Try it: Nothing but the lines from the one with "Bilder 6 und" through the end of the records may appear in the answer, each reproduced exactly, pictures omitted.

——————

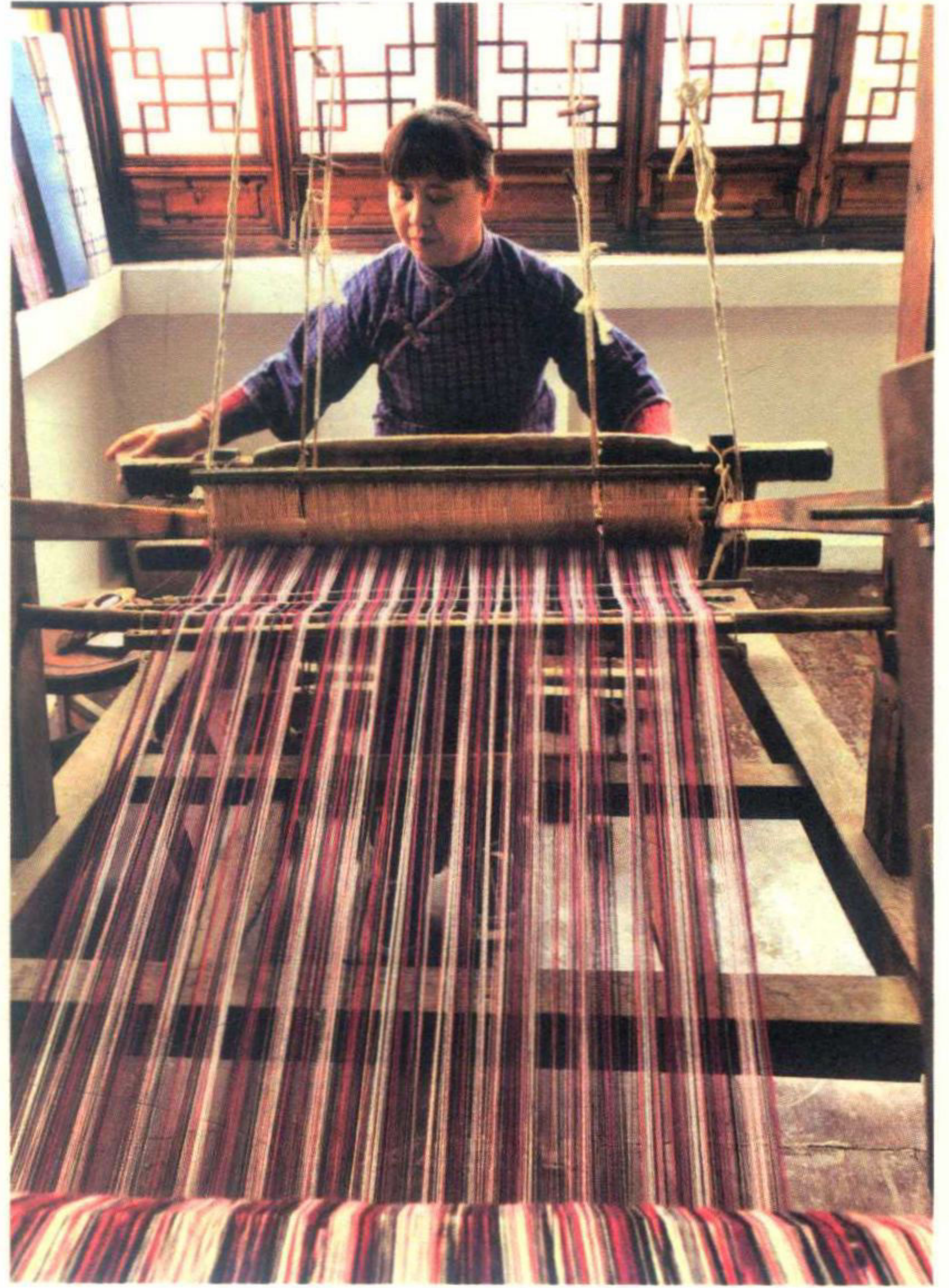
三林标布传承人在织布
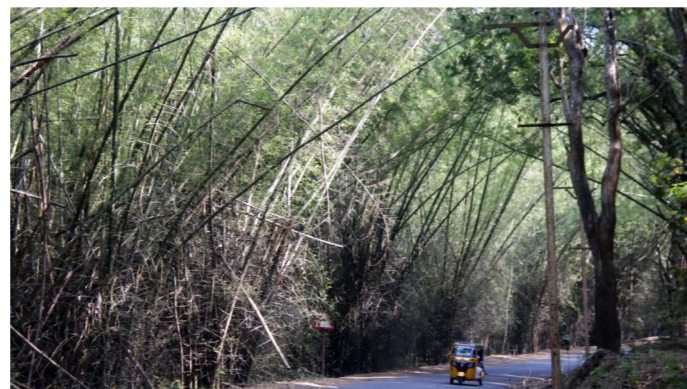
1.7. Ein Wechselspiel zwischen Grasland und Wald ist typisch für die Region. Hier fährst du durch Bambuswald.
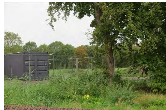
Vervolg figuur 2. Foto-impressie van het plangebied aan de Woningbouwlocatie Franekerstraat te Bolsward (bomen).
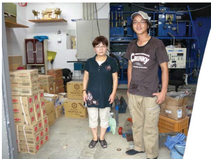
在宅避難者への配送に協力してくださっている方への物資お届け
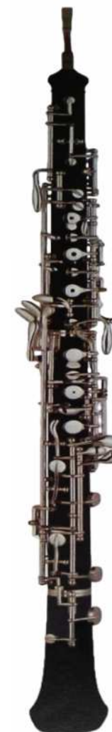
Modell TMB 15-110
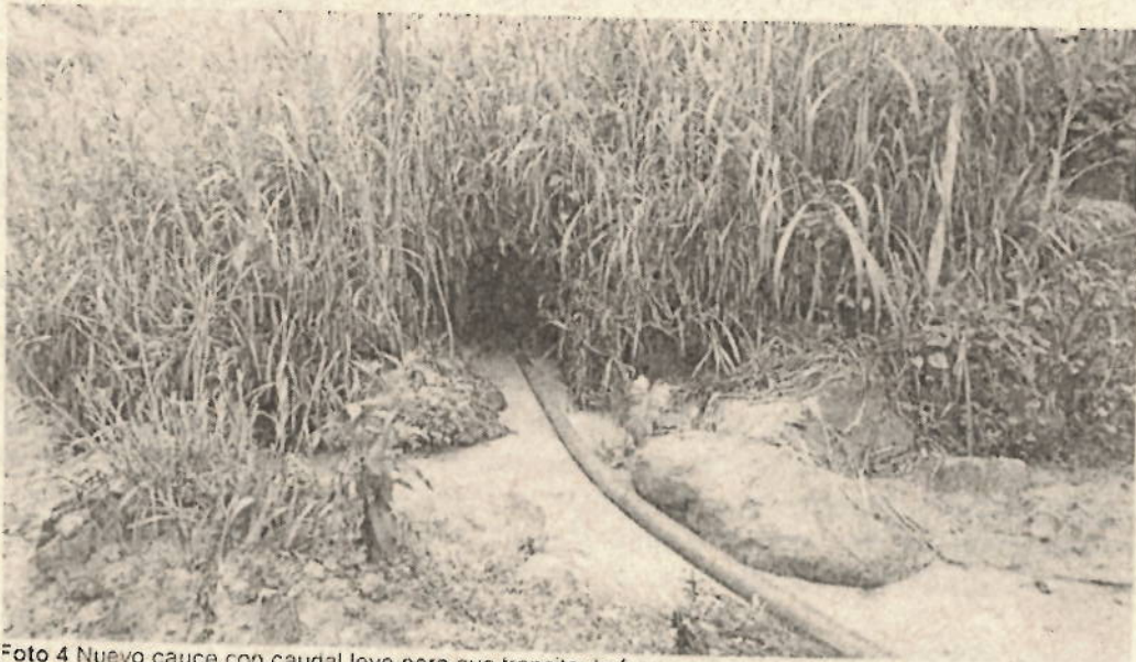
Foto 4 Nuevo cauce con caudal leve pero que transita de forma constante desde la quebrada El Janeiro.
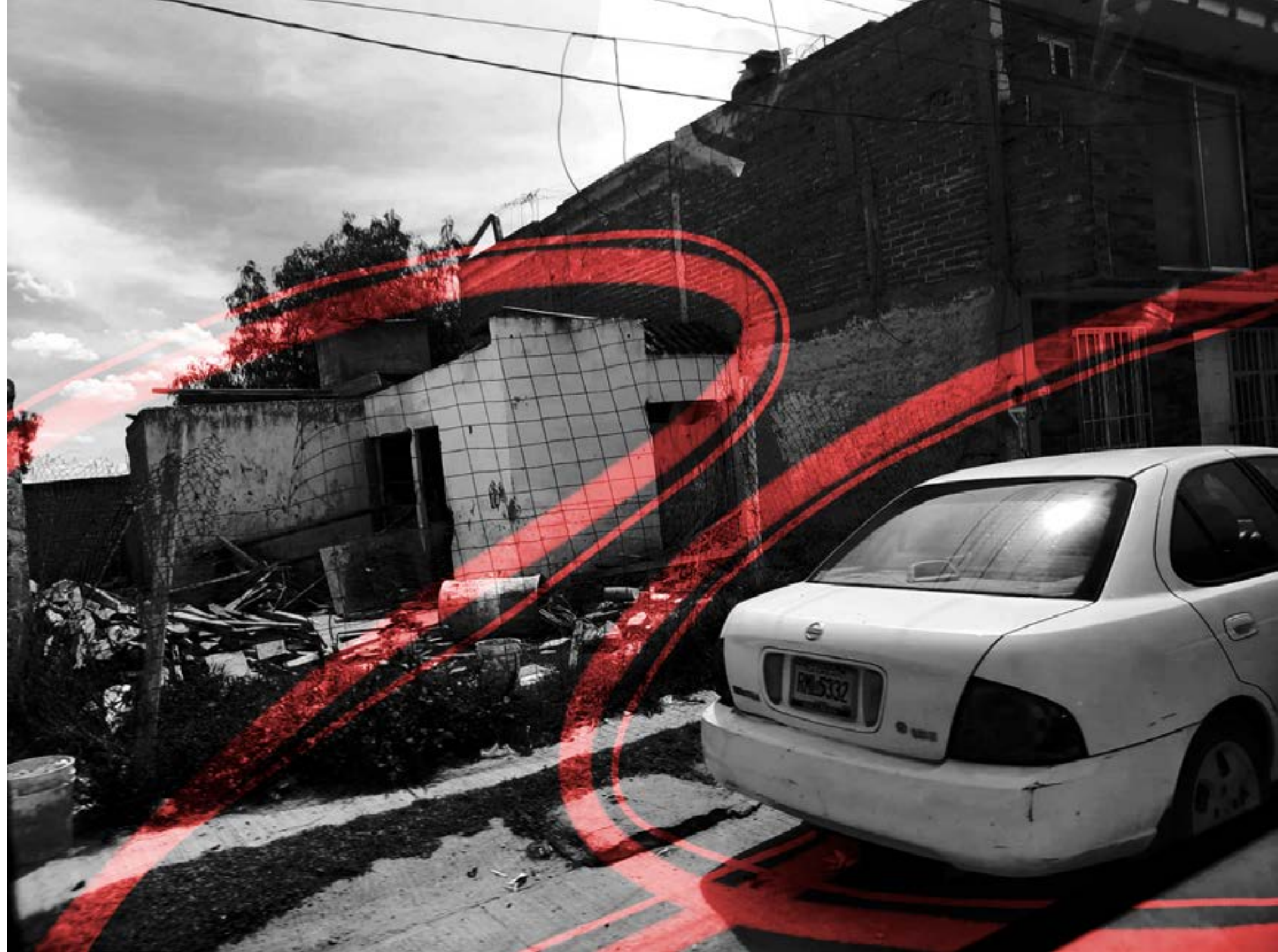
García, G. 2022. Deficiencia. Viviendas en malas condiciones que son habitadas por paracaidistas. [Fotografía]
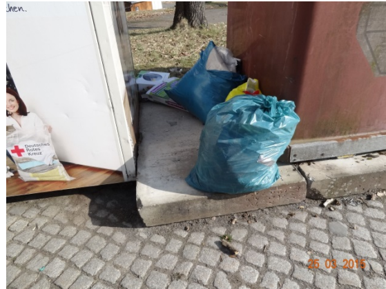
Bilder 6 und 7: illegale Ablagerungen, Standort Pockau, 25.03.2015
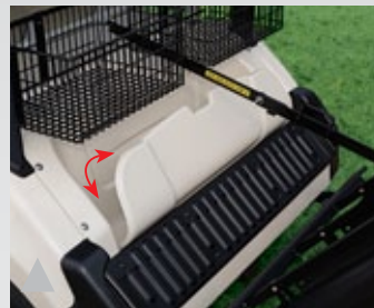
13. 다목적 후면 사물함
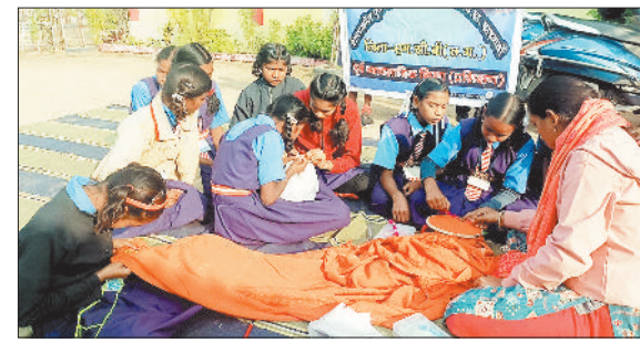
प्रशिक्षण में शामिल बच्चे।

जानकारी के अनुसार हाथियों के दल के द्वारा किसी तरह के नुकसान पहुंचाए जाने की जानकारी नहीं है। बीते 21 जनवरी को आए हाथियों का दल कांदंबारी के जंगल में ही विचरण करते रहे।

——————

Solution for this task:
Bilder 6 und 7: illegale Ablagerungen, Standort Pockau, 25.03.2015
13. 다목적 후면 사물함
प्रशिक्षण में शामिल बच्चे।

जानकारी के अनुसार हाथियों के दल के द्वारा किसी तरह के नुकसान पहुंचाए जाने की जानकारी नहीं है। बीते 21 जनवरी को आए हाथियों का दल कांदंबारी के जंगल में ही विचरण करते रहे।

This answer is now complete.